[Records for the exercise Boundary: Start]

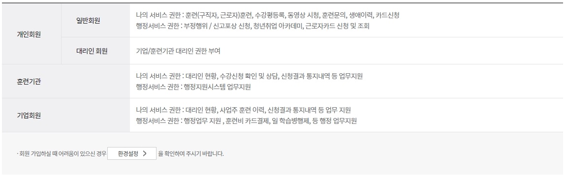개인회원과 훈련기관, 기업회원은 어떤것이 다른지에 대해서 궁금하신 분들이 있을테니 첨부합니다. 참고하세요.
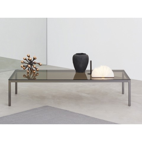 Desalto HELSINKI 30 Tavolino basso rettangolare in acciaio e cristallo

[Records for the exercise Boundary: End]
[Records for the exercise Boundary: Start]

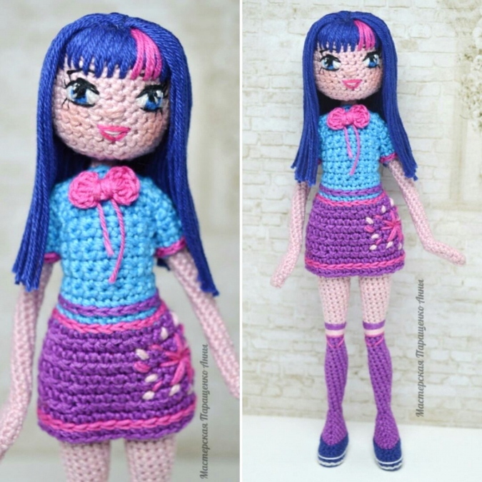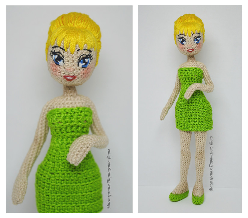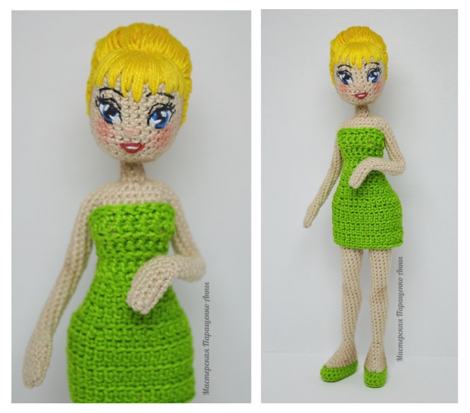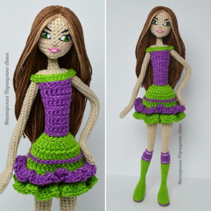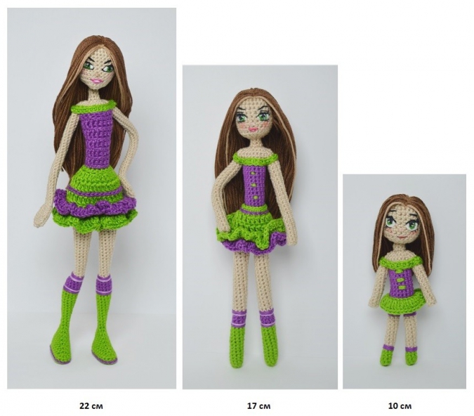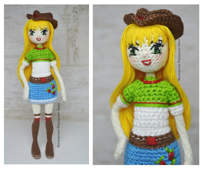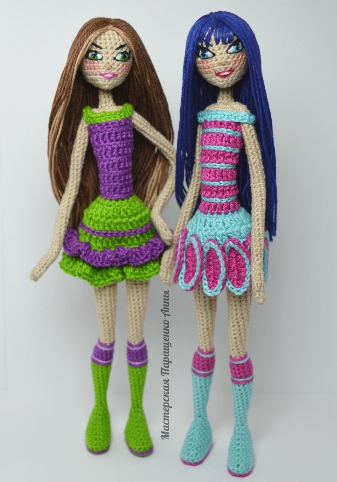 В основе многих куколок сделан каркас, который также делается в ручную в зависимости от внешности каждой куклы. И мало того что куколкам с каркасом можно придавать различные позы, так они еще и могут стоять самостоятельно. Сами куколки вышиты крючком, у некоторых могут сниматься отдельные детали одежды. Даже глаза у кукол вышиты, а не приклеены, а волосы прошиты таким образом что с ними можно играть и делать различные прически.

[Records for the exercise Boundary: End]
[Records for the exercise Boundary: Start]

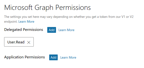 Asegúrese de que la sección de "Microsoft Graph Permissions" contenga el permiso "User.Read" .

[Records for the exercise Boundary: End]

Look above for the line with "개인회원과 훈련기관, 기업회원은" and copy exactly from it through the line with "Desalto HELSINKI 30", both included. Omit the pictures.

개인회원과 훈련기관, 기업회원은 어떤것이 다른지에 대해서 궁금하신 분들이 있을테니 첨부합니다. 참고하세요.
 Desalto HELSINKI 30 Tavolino basso rettangolare in acciaio e cristallo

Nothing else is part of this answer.